Table 2 shows the relative difference between EBLUP and SEBLUP estimates’ \( \overline{RRMSE} \), as shown in Eq. (15), formatting the cells based on a black-to-white colour scale. Darker scales represent positive values, meaning a better performance of EBLUP estimates with respect to their quality measure, and white scales refer to negative values, which show that SEBLUP estimates improve their quality measure when compared to EBLUP estimates. First, it is clear from Table 2 that SEBLUP estimates outperform EBLUP estimates, in terms of \( \overline{RRMSE} \), when the spatial correlation parameter is large, while EBLUP estimates tend to be more precise than the SEBLUP when ρ is close to 0. The SEBLUP is thus preferred over the EBLUP to examine social issues that spatially cluster together, as is the case of crime rates (Baller et al. 2001) and perceptions about crime and the police (Jackson et al. 2013; Williams et al. 2019). Second, the relative difference between EBLUP and SEBLUP estimates’ \( \overline{RRMSE} \) shows that the benefit obtained by borrowing strength from neighboring areas is larger as the number of areas increases. For example, for m = 25 the relative difference of \( \overline{RRMSE} \) shows that SEBLUP estimates are more precise than the EBLUPs only when the spatial correlation parameter is very large (ρ = 0.75), while the SEBLUP outperforms the EBLUP in all cases for m = 255, even when ρ = 0. In other words, the EBLUP is expected to outperform the SEBLUP in studies producing estimates for a small number of areas (e.g. estimates of drug use for ten local authorities; Gemmell et al. 2004); while the SEBLUP produces more reliable estimates when the number of areas under study is large (e.g. estimates of perceived disorder for 282 neighborhoods; Buil-Gil et al. 2019). Therefore, both ρ and m need to be taken into account to explain SEBLUP estimates increased precision in terms of \( \overline{RRMSE}s \), and SEBLUP estimates perform better as the number of areas under study increases.
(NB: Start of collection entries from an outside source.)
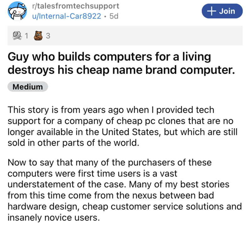 If there's one major takeaway from this tech support tale it's that just because you can build a PC doesn't necessarily mean that you know how the computer works. One can only begin to imagine the amount of hot flashes of embarrassment that this dude must've been bogged down by after realizing that he'd literally engineered the downfall of his cheap brand name computer. Like, he literally just created destruction where there otherwise would've been none to have been had. Oh well. You live and you learn. For another ridiculous tech support tale, check out this CEO who thought his computer had been hacked, and then proceeded to learn how a computer works.
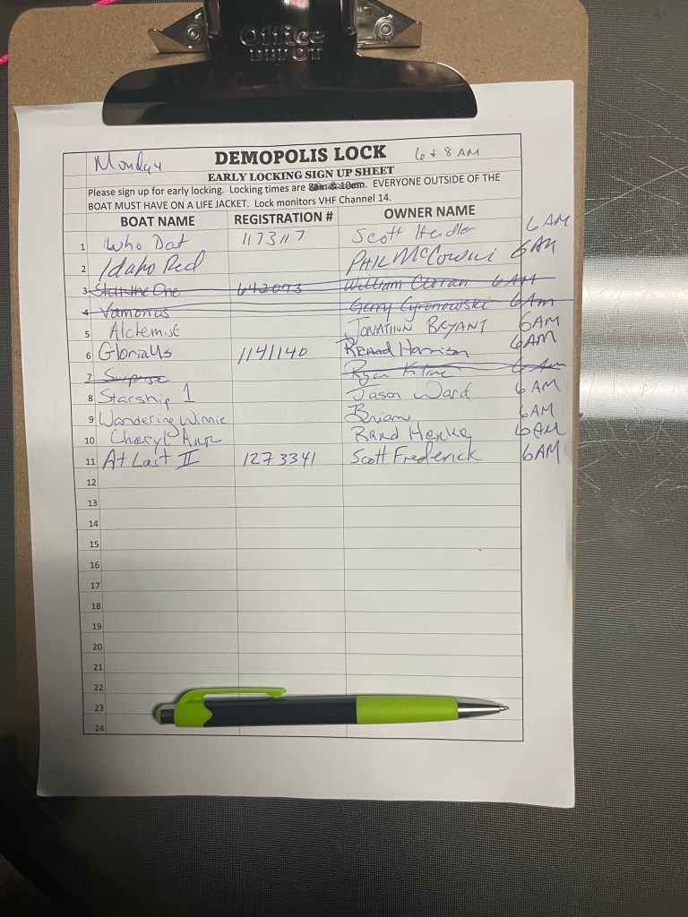 We went from Demopolis to Okatuppa Creek anchorage—a big day 93 miles!!!! We have a lock right off the bat here – Demopolis Lock. This is our next to the last lock for the Great Loop!!!!
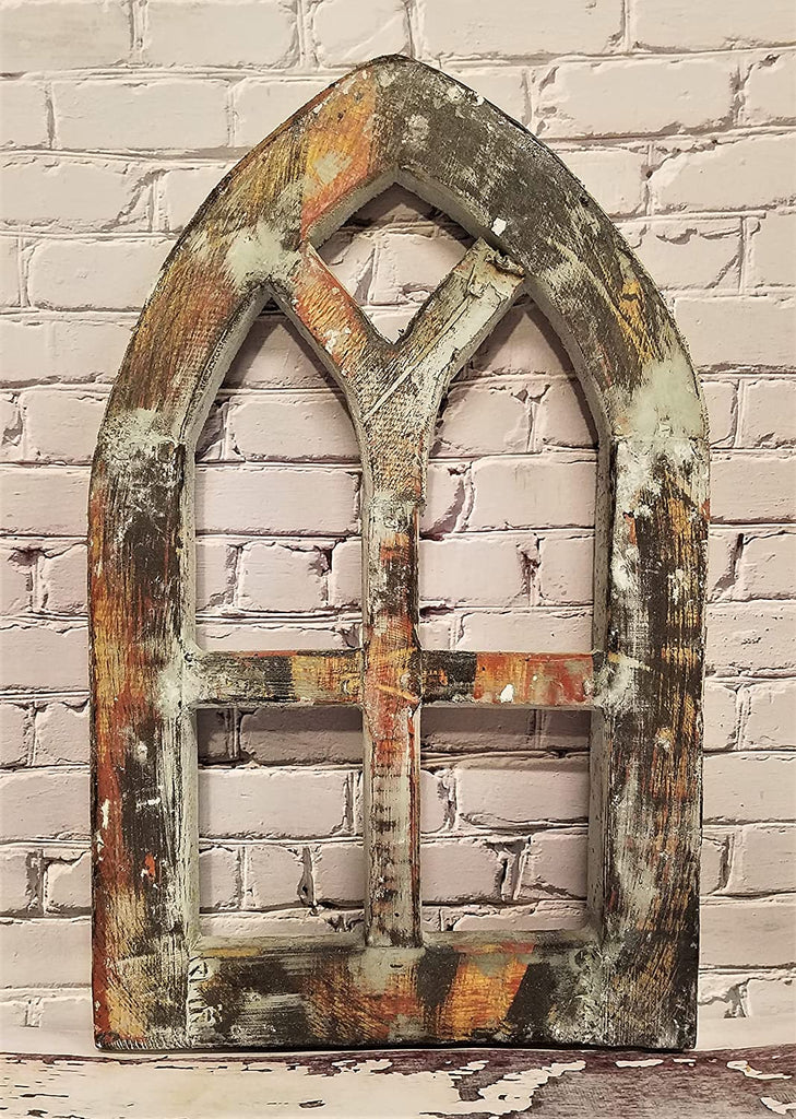 Rustic and handmade from reclaimed wood, architectural chapel wall sculptures with very deeply distressed and painted features in multi colors. Each piece is made by hand and very unique. Colors variations are part of the charm.
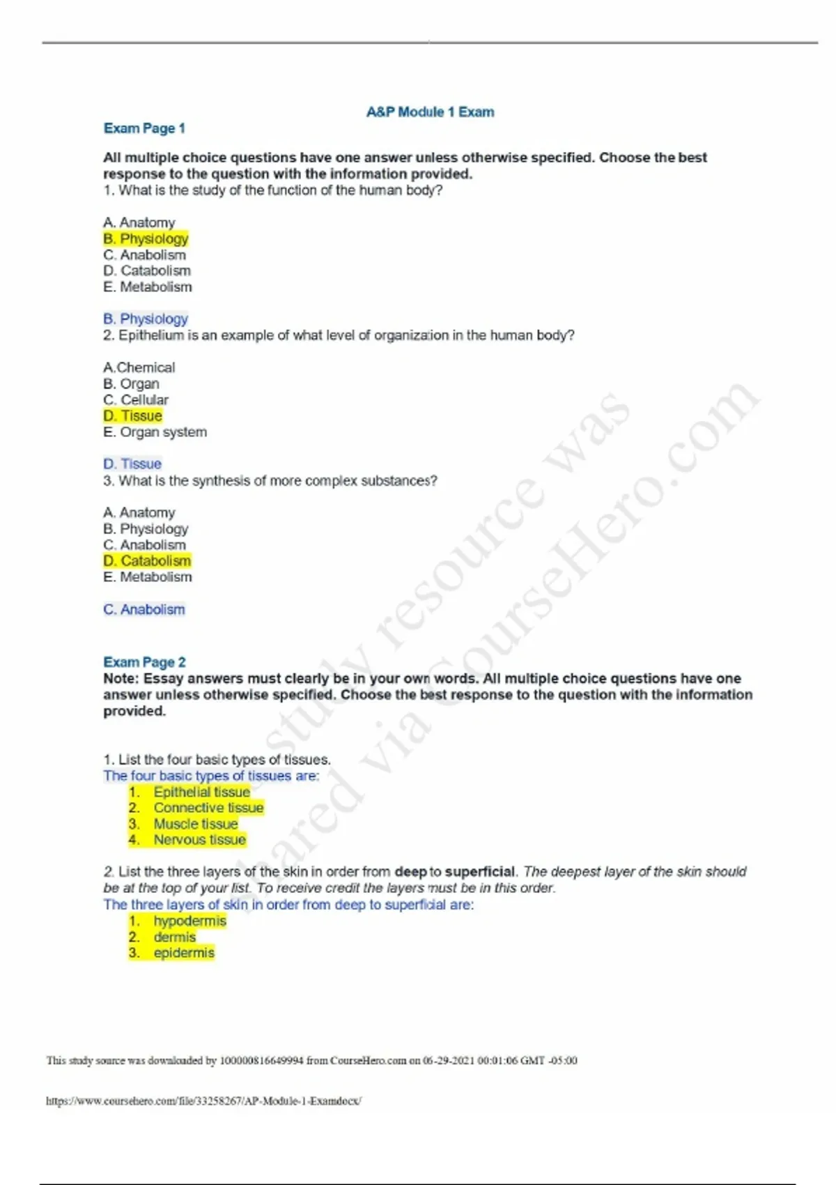A P 1 101 Module 1 Exam Questions and Answers Portage Learning Graded A+

Table 3 shows the relative difference between EBLUP and SEBLUP estimates’ \( \overline{ARB} \) and Table 4 shows the relative difference between their \( \overline{ARE} \). Looking at Table 3, it is clear that SEBLUP estimates perform better than EBLUPs, in terms of \( \overline{ARB} \), when the number of areas is large (especially m = {144, 255}), but not in cases of m = {16, 25, 36}. For m = 64, SEBLUP estimates’ \( \overline{ARB} \) is only improved when ρ =  − 0.5 and ρ =  − 0.75. Again, while the \( \overline{ARB} \) of SEBLUP estimates was not improved in any case for m = {16, 25, 36}, such quality measure shows that SEBLUP estimates outperform EBLUPs, in terms of \( \overline{ARB} \), in all simulations performed for m = 255.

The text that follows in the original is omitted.